KIEV, Sept. 16 – Four judges, mostly from regions strongly favoring President Viktor Yanukovych, were elected for nomination to the Constitutional Court by a panel of judges on Thursday.

The judges--Mykhaylo Zaporozhets, Natalia Shaptal, Oleh Serhiychuk and Mykhaylo Hultay--will replace judges who resigned from the court earlier this month.

The massive reshuffle comes as the court is preparing to issue a ruling on whether powers of Yanukovych must be dramatically increased by canceling 2004 constitutional amendments.

The new judges will be officially appointed to the Constitutional Court after they will are sworn in at a session of Parliament. This will increase the number of judges in the court to 18.

Before the judges were elected, Yanukovych on Thursday addressed the panel calling for a comprehensive court system overhaul that may require amending the constitution.

“It is urgent now to conduct reform of the criminal justice,” Yanukovych said.

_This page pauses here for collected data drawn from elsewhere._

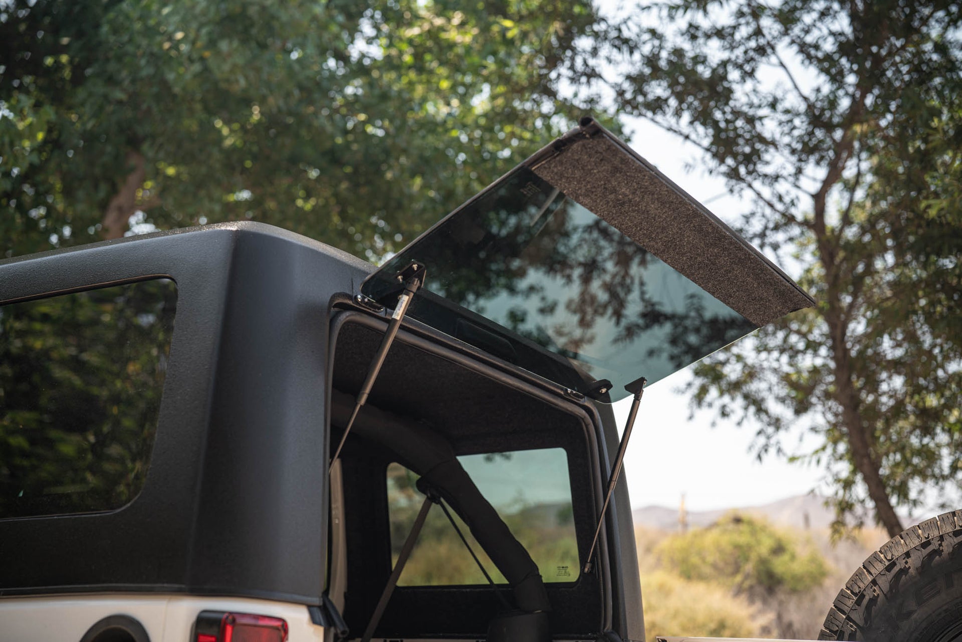 The tinted rear window easily opens up for you to have quick access to the cargo area.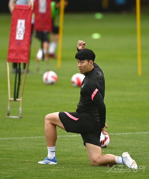 6월 A매치 기간 4차례의 평가전을 앞둔 한국 축구대표팀이 30일 파주국가대표트레이닝센터(NFC)에 소집되어 오픈트레이닝으로 진행됐다. 손흥민이 스트레칭을 하고 있다.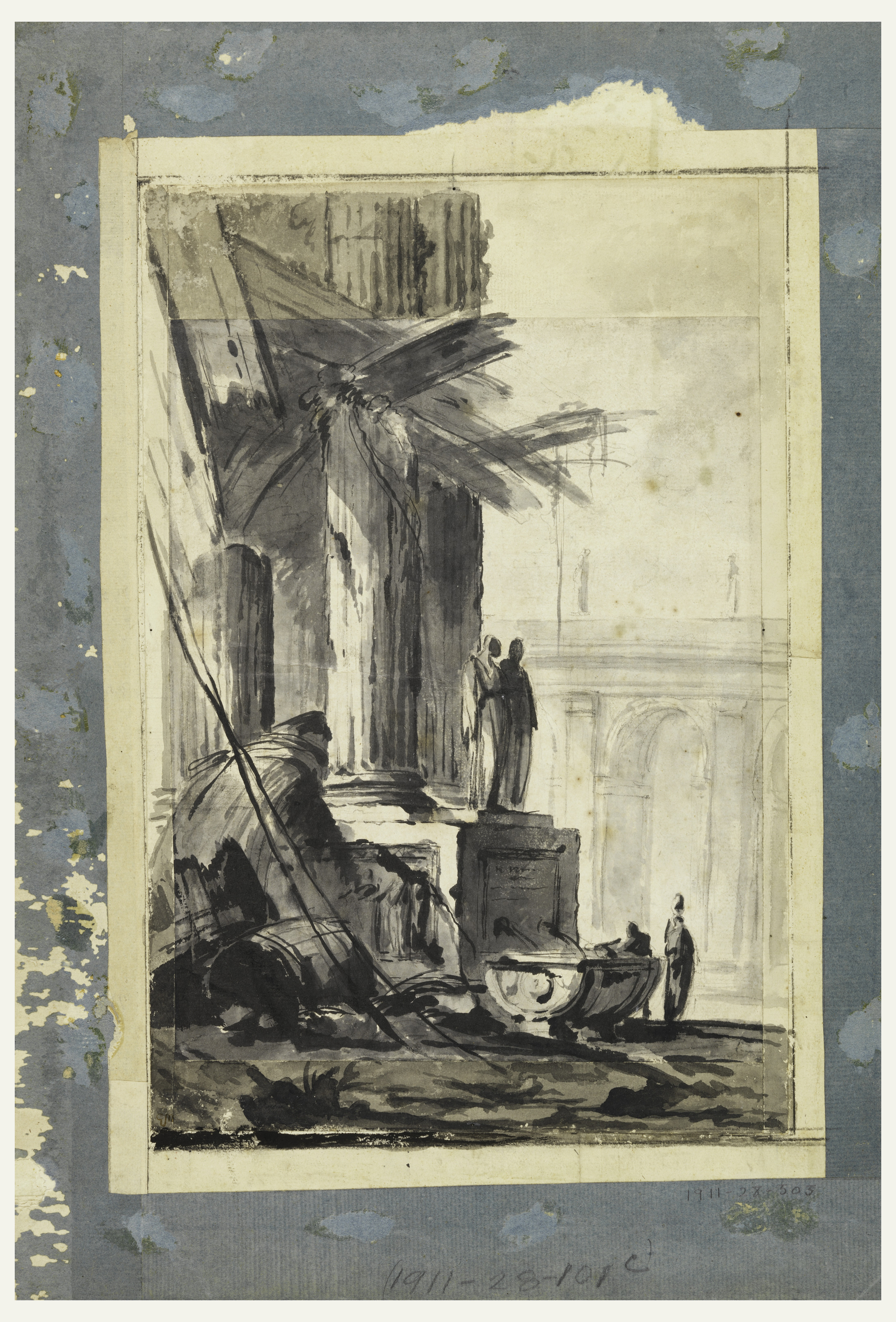 Drawing, Ruin Fantasy; Louis-Joseph Le Lorrain (French, 1715–1759); France; brush and black, gray wash, black chalk on cream laid paper; Overall sheet size with additions: 34.9 x 23.2 cm (13 3/4 x 9 1/8 in.) Mat: 55.9 x 40.6 cm (22 x 16 in.) Original Sheet size: 26.8 x 21.4 cm (10 9/16 x 8 7/16 in.); Purchased for the Museum by the Advisory Council; 1911-28-505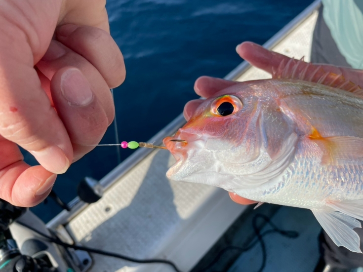 アワセについては素早い動作はNGです。冷凍エビなど大きなエサを使っているため、ビュンとアワセるとハリ先がアマダイの口や喉に突っかからずに、エサごとすっぽ抜けやすいです。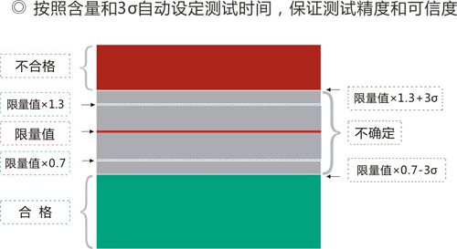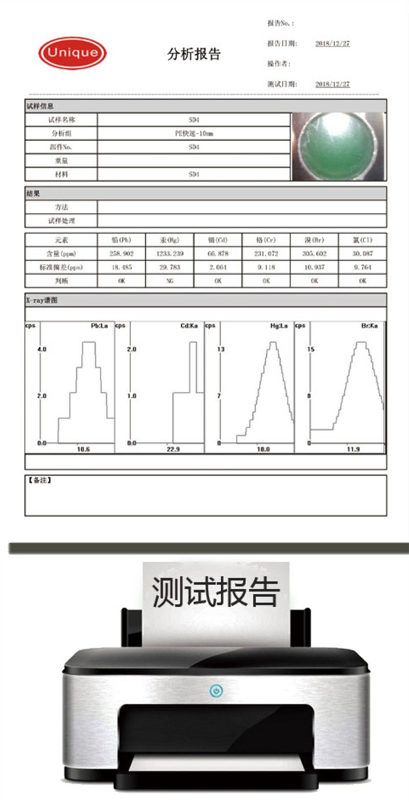 ◎简单的测试过程,初学者也可掌握 测试开始后,自动判定样品的材质,自动选择相对应的测试条件和工作曲线,自动确定测试时间,测试结果自动根据用户的管控标准显示,测试数据自动存储在用户指定的目录中。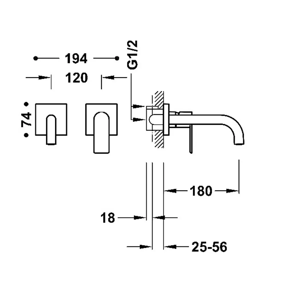 TRES LOFT černá-mat Umyvadlová baterie podomítková, ramínko 180 mm 20030001NM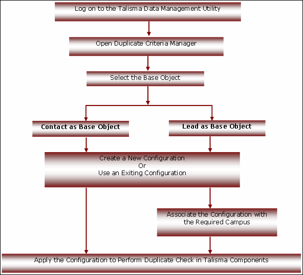 The following graphic depicts the process flow for working with the Duplicate Criteria Configuration option. See the table below the graphic for more information.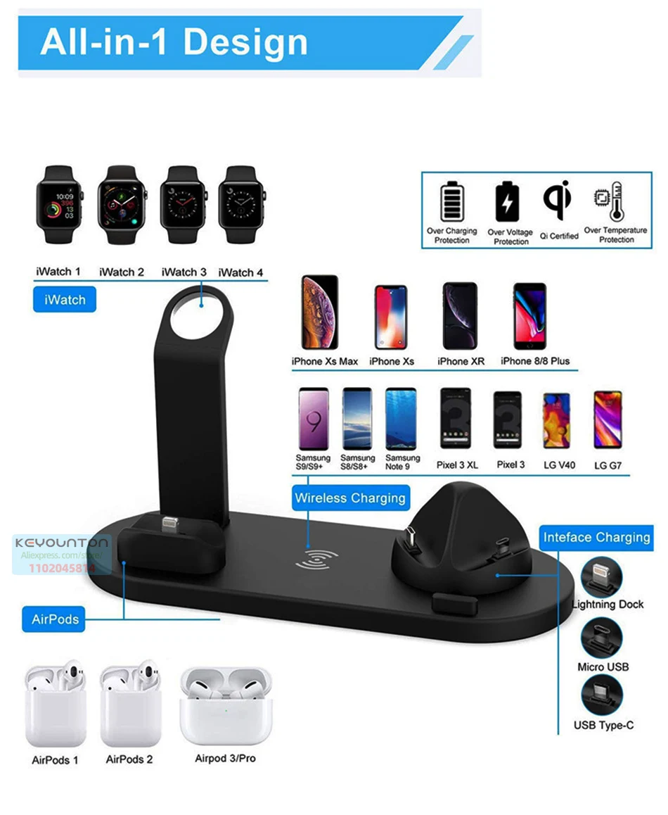 Discover the ultimate charging solution with the Keyounton 6 in 1 Multifunction Wireless Charger Dock. This cutting-edge charging dock is crafted to enhance your charging experience with style and efficiency.

“Creation of the unified computerized system for all courts is a sharp problem of our time,” Yanukovych said. “I don’t rule out that in order to complete the reform respective amendments to the constitution will be submitted by me.”

Shaptala is the judge from the administrative court of appeals in the Donetsk region, while Zaporozhets is the judge as the court of appeals in Luhansk region and Hultay is the judge at the court of appeals in Kharkiv region. All these regions are Yanukovych’s political strongholds.

Serhiychuk is the judge as the High Administration Court.

Four judges resigned the Constitutional Court earlier this month raising questions whether they had faced any pressure from the authorities.

Ivan Dombrovskiy, Yaroslava Machuzhak, Anatoliy Didkovskiy and Viacheslav Dzhun were known fr opposing Yanukovych’s policy initiatives.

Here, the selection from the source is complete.